- [Activity]:
Only the lines from the first line of the data through the line containing "war nickels. Jefferson" belong in the answer, transcribed exactly; pictures do not.

-------- Raw data

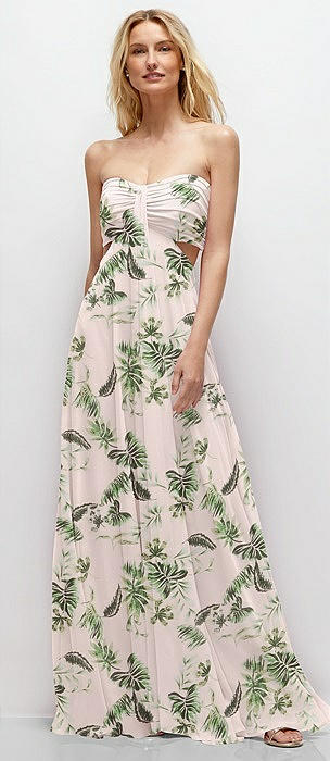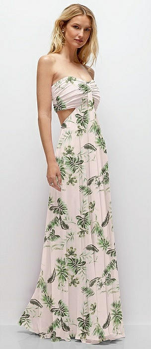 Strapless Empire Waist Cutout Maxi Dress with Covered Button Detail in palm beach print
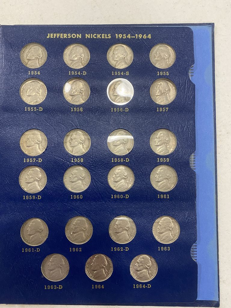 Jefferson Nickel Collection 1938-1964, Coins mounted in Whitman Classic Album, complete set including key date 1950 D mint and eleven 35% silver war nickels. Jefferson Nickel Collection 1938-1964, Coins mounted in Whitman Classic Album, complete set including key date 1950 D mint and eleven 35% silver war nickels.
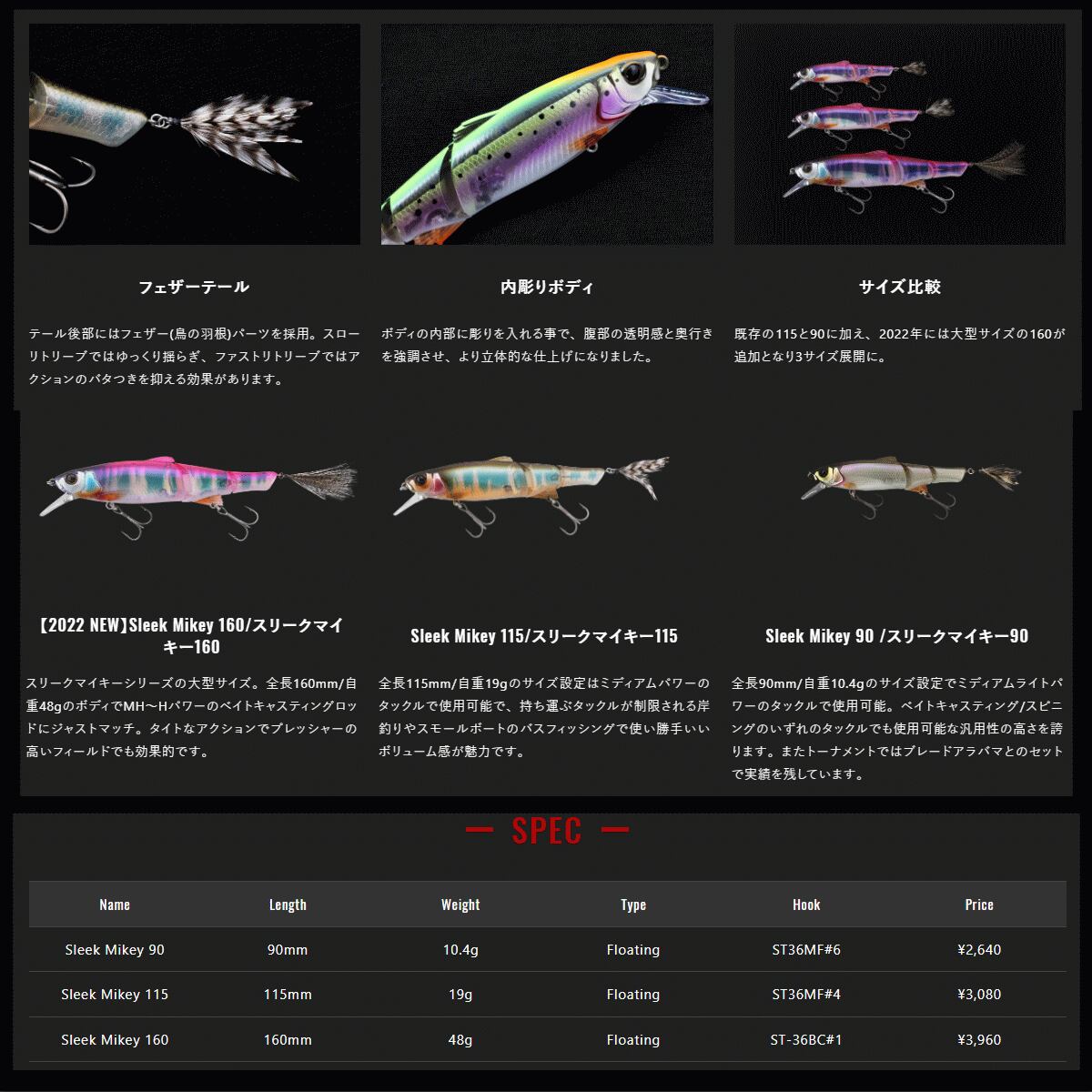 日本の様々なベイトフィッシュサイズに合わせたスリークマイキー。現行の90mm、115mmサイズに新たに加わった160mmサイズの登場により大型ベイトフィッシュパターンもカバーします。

----------------

- [Answer section]:
 Strapless Empire Waist Cutout Maxi Dress with Covered Button Detail in palm beach print
 Jefferson Nickel Collection 1938-1964, Coins mounted in Whitman Classic Album, complete set including key date 1950 D mint and eleven 35% silver war nickels. Jefferson Nickel Collection 1938-1964, Coins mounted in Whitman Classic Album, complete set including key date 1950 D mint and eleven 35% silver war nickels.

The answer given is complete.